On Friday 20 June 2008, Max Bolingbroke wrote:
> Of course, if you have any suggestions for good heuristics based on
> your benchmarking experience then we would like to hear them! There
> was some discussion of this in the original ticket,
> http://hackage.haskell.org/trac/ghc/ticket/888, but when implementing
> SAT I tried out the suggestions made there without good results
> (though to be perfectly honest I didn't really understand the
> motivations behind some of the suggestions made).

Well, as I said, I was apparently being over-aggressive in my manual 
application of the transform, so I'm not yet the best person to ask, I 
suppose. :)

However, if I had to pick something out of the air, I'd say this: always do 
SAT when the argument in question is a function. This is actually the reason 
I started doing it in the first place. I was working on sorting uvectors, and 
had what I thought was pretty good performance, and then I did SAT on the 
comparison function, and suddenly my code was running in half the time. Going 
back to my sorting (testing on introsort), SAT for the array doesn't seem to 
do much, but undoing the SAT for the comparison function causes heap 
allocation to balloon, and everything gets at least a factor of 2 slower.

This also seems to match the other manual uses of SAT I've seen in the past. 
For instance, in the GHC libraries you'll see:

    foldr f = go
      where go z (x:xs) = f x (go z xs)
            go z [    ] = z

because it's significantly faster, while earlier in this thread, SPJ said 
that:

    xs ++ ys = let go [    ] = ys
                   go (z:zs) = z : go zs
               in go xs

isn't much of a win. I don't have much data currently, but the places I *know* 
it's been a win have been SAT on functions, while the places I *know* it's 
been a loss have been SAT on unboxed data. Whether this is because SAT allows 
more opportunity for inlining/specialization on functions, or because copying 
functions is inherently more expensive, though, I don't know.

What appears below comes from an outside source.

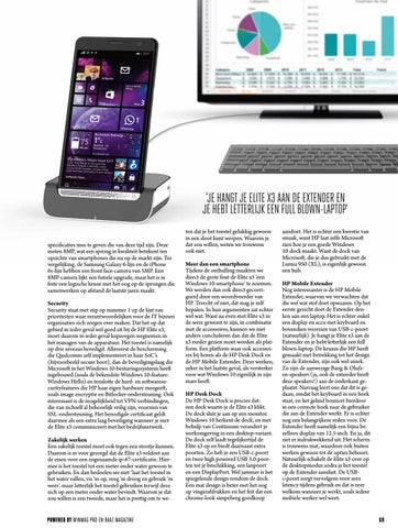aandoet. Het is echter een kwestie van smaak, want HP laat zelfs Microsoft zien hoe je een goede Windows 10-dock maakt. Want de dock van Microsoft, die je dus gebruikt met de Lumia 950 (XL), is eigenlijk gewoon een hub. HP Mobile Extender Nog interessanter is de HP Mobile Extender, waarvan we verwachten dat die wel wat stof doet opwaaien. Op het eerste gezicht doet de Extender denken aan een laptop. Het is echter enkel een display en accu met keyboard en bovendien voorzien van USB-c-poort (natuurlijk). Je hangt je Elite x3 aan de Extender en je hebt letterlijk een full blown-laptop. De keuzes die HP heeft gemaakt met betrekking tot het design van de Extender, zijn ook wel uniek. Zo zijn de aanwezige Bang & Olufsen-speakers (ja, ook de extender heeft deze speakers!) aan de onderkant geplaatst. Navraag leert ons dat dit is gedaan, omdat het keyboard in een hoek staat, en het geluid bouncet hierdoor in een correcte hoek naar de gebruiker die aan de Extender werkt. Er is echter nog een belangrijkere reden voor. De Extender heeft namelijk een bijna bezelloos display van 12.5-inch. En ja, dit ziet er indrukwekkend uit. Het scherm is trouwens mat, waardoor ook buiten werken gewoon tot de opties behoort. Natuurlijk schakelt de Elite x3 over op de desktopmodus zodra je het toestel op de Extender aansluit. De USBc-poort zorgt vervolgens voor zero latency tijdens gebruik en dat is zeer welkom wanneer je werkt, zoals iedere mobiele werker wel weet.

I'll keep an eye open from now on, though.

(On an additional tentative note, undoing SAT in the first example of my last 
mail seemed to eliminate the difference between the native code generator 
and -fvia-c -optc-O3. So whatever SAT was doing to make the code slower (no 
extra heap allocation, just slower code), GCC may have been fixing. My 
off-the-top-of-the-head guess was that passing the arguments along kept them 
in registers, and maybe GCC was putting the SATed arguments back into 
registers, but as I said, I don't currently have the expertise to verify 
that.)

Cheers,
-- Dan